I have never tried crystallized methamphetamine (shabu) but I have talked with a number of people that have been addicted to it. The experience is the same, the epinephrine-like response of the reptilian part of the brain over powers everything and life is turned into a simple series of fight-or-flight stimulae. (I'm generalizing their experiences of course.) In other words, people seem to have the energy to carry on three different jobs and never sleep or party and have sex non-stop. Yet it turns into a compulsion since you have two choices: fight or flight. (In my god/demon structure, this would be the god of survival.) Work is related to survival as is the urge to have sex.
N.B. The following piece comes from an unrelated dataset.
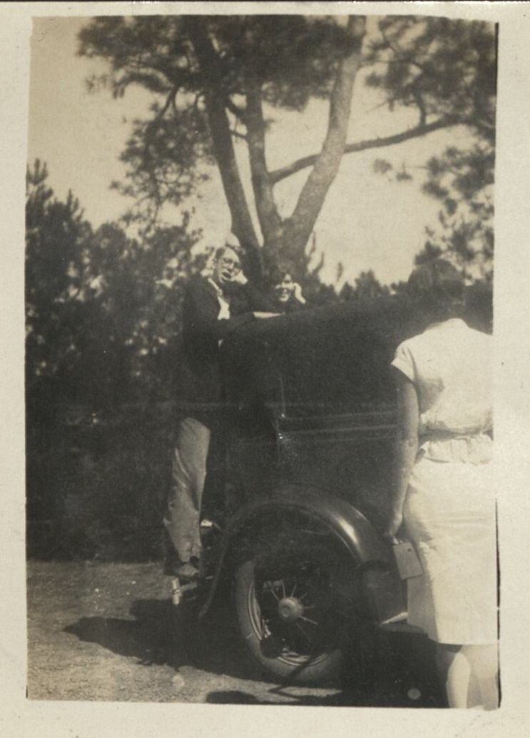 Subject: Harry Hawkins Jr. and probably Nathelle "Sis" Laing (rather than Harry's sister Isabel Hawkins) at Madelene Beuttler's automobile at Brent School. Madelene's nickname was Peaches; she was a d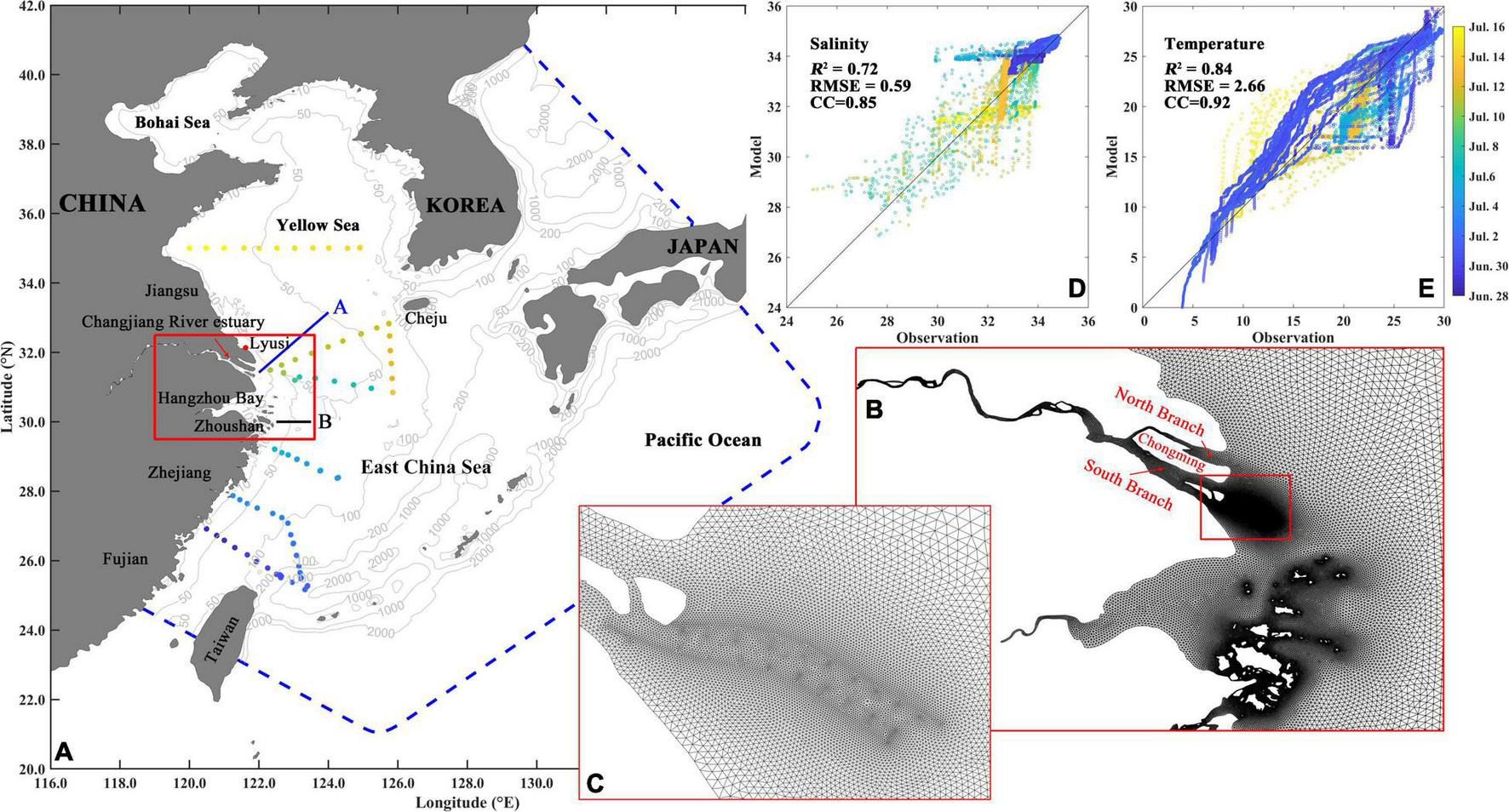 Figure 1. (A) The model coverage with the observation stations during the first cruise from June 28 to July 16, 2006, two cross-sections A/B in blue/black solid lines, and zoom-in mesh-grids in (B) the Changjiang River estuary [red box in panel (A)] and (C) the Deep Navigation Channel [red box in panel (B)]. The comparison between the observed and modeled (D) salinity and (E) temperature during the first cruise. Color in panels (A,D,E) indicate the date of measurements.

Now, Meth interviews people who stopped using or struggling with their addiction in the gay community. The director seems to have gone to some effort to present people and their experience in a way where you could empathize with the people -- well except for the one guy who is still a total addict and was hyperactive and rambling in fast speech. Their stories is what are needed to help people make the decision not to use. People need to hear from others how great it is and then how awful it gets (or in the case of the addict, how great he says it is as you see how awful it is around it).
The closest domestic Philippine film in recent years that I have seen that in any way addresses the drug issue was the quasi-indie Where is Francis? And that seemed to be more like Weekend At Bernie's meets what its like to be a druggie and have your druggie friend die and then try to hide the fact from others. There was a part in Meth that reminded me of this time my cousin and his friend drove me around Makati for a few hours and it wasn't until we got back to his house that it occurred to me that they were totally high out of the minds and we had been driving in circles for a few hours (or maybe I realized we had been driving in circles first?)
I also liked how the director included a lengthy discussion about how the circuit-dance culture and gym-bunny urban gay subculture in the U.S. is conducive to methamphetamine addiction (to the point where I'd almost remark, naturally). A documentary could be done just on the shadow aspects of the urban male American gay subculture yet he was able to bring it in without it taking over the entire film.
Drug addiction is a complex social question that needs more education and explication and discussion of drug use experience not less. The movie makes a contribution towards that.